Tall and lean, Jimmy Ringo’s come to town. His pants are ill-fitting and his jacket is a little shabby. His mustache is dumpy and that bowl cut sure isn’t making the women swoon. But the men are in awe.
“Hiya, Jimmy,” a man standing outside the saloon says.
“Hiya, old-timer,” Jimmy answers. Jimmy doesn’t know who the stranger is, but the stranger sure knows who Jimmy Ringo is. Everyone in the saloon does—including the punk kid with two six-shooters. Jimmy’s a legend: The fastest gun in the West. And there’s no better way to make your bones than by taking down the best. But, as the kid soon learns, Jimmy’s legend ain’t a misnomer. Another town and another one gunned down by Jimmy Ringo.
Americans have a love affair with guns. Though the right to bear arms comes second in the Constitution, it’s first in American hearts. Americans also love playing king of the hill. To be the best, you got to beat the best, and in The Gunfighter, Jimmy Ringo (Gregory Peck) is the best. Too bad the cost is so high.

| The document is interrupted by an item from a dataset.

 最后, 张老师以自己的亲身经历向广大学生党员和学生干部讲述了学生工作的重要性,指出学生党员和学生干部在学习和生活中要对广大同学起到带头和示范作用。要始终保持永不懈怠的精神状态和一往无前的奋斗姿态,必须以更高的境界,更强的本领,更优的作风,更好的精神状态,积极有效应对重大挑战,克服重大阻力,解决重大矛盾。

When 20th Century Fox released The Gunfighter in 1950, Peck was a heartthrob with movies like The Yearling and Twelve O’Clock High in his rearview mirror. If director Henry King wanted to make Jimmy Ringo a hero, a quick shave and a costume change would have whipped a frumpy and weathered Peck into a handsome gunslinger. That might have helped the initial box office some, but it would have harmed the movie. The Gunfighter’s reputation has built over the years, and many consider it to be among the best westerns of the 1950s—a decade replete with magnificent westerns. But, the public’s appetite for the genre has diminished in past decades. True, it’s hard to look past the jingoism and the extermination associated with Manifest Destiny, but the America you see in westerns isn’t that different from the America you see today. (There are an awful lot of parallels between frontier mob justice and today’s cancel culture.) And as many prepare to take up arms in preparation for the November election, regardless of the outcome, there is a sense that the West never died; it’s just been dormant.

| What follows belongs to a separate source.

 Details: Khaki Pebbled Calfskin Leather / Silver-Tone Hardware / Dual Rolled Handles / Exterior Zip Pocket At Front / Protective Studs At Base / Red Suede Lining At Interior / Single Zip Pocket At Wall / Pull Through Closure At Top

Feeling scared? Thinking about buying a gun? Watch The Gunfighter first. There’s no peace in Jimmy’s eyes, nothing relaxed in his posture. Security is a fantasy. Jimmy can’t even enjoy a quiet drink or a good steak without looking over his shoulder. Everywhere he turns, another is waiting to take his place. Sleep is hard to come by. Sanctuary is even harder.

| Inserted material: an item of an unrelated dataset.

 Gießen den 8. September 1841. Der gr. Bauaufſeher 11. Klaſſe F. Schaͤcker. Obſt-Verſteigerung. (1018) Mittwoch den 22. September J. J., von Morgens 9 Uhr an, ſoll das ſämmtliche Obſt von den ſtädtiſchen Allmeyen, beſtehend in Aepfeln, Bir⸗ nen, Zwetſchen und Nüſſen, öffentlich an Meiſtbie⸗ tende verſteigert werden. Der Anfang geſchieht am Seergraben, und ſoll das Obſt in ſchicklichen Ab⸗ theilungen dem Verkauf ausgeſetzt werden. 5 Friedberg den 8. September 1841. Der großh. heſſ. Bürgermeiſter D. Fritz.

Directed by King, a no-nonsense filmmaker who looked for truth in every movie, The Gunfighter is top-shelf material thanks to Barbara McLean, Fox’s top cutter, whose ability to shape a film extended well beyond the editor’s room. Her modernist style strips The Gunfighter clean of myth-making, leaving only a smoking gun, sunken eyes and one more funeral for the masses.
The Criterion Collection has released a 4K restoration of The Gunfighter on Blu-ray and DVD. Special features include archival interviews with Henry King and Barbara McLean, a video essay from J.E. Smyth, and a written essay from K. Austin Collins.